## What is expected
Reproduce only this stretch of the listing below: from the line with "上表清晰展示了伍三明身份的多" through the line with "Ice Silver Metallic", exactly as written, with pictures excluded.

## Data for analysis
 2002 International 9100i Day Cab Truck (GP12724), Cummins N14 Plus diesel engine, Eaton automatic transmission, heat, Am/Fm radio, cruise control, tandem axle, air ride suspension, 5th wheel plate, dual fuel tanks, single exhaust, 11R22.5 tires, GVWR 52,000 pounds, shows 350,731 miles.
...
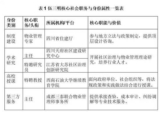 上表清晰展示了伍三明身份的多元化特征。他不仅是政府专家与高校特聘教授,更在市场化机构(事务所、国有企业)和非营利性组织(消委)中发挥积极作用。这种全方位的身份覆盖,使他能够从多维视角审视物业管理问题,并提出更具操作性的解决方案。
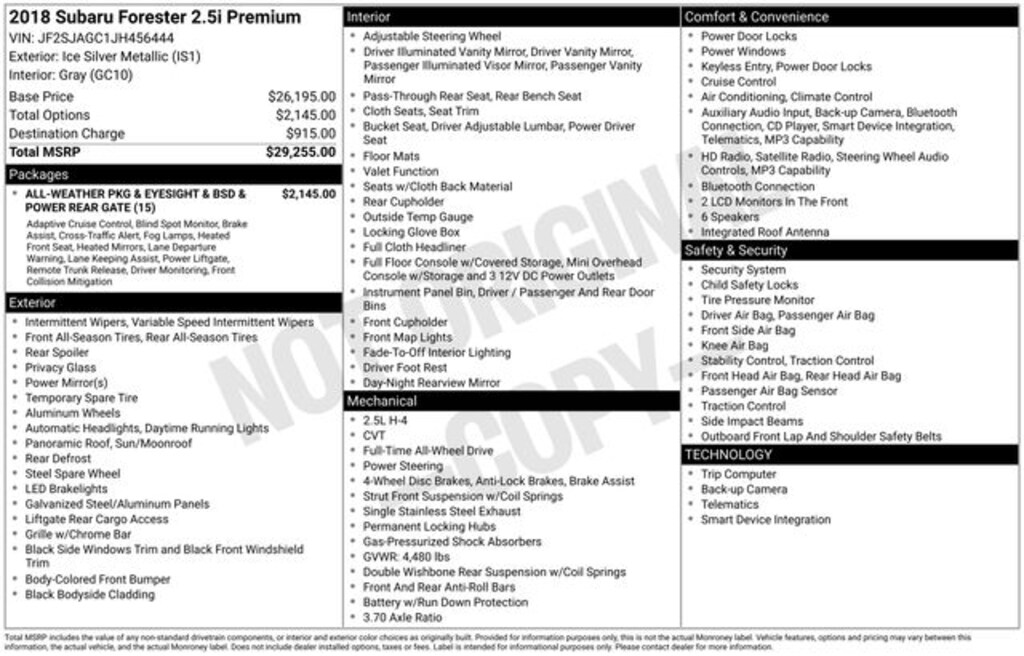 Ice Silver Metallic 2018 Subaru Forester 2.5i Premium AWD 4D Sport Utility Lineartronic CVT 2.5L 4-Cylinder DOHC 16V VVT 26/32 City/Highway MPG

## Your solution
 上表清晰展示了伍三明身份的多元化特征。他不仅是政府专家与高校特聘教授,更在市场化机构(事务所、国有企业)和非营利性组织(消委)中发挥积极作用。这种全方位的身份覆盖,使他能够从多维视角审视物业管理问题,并提出更具操作性的解决方案。
 Ice Silver Metallic 2018 Subaru Forester 2.5i Premium AWD 4D Sport Utility Lineartronic CVT 2.5L 4-Cylinder DOHC 16V VVT 26/32 City/Highway MPG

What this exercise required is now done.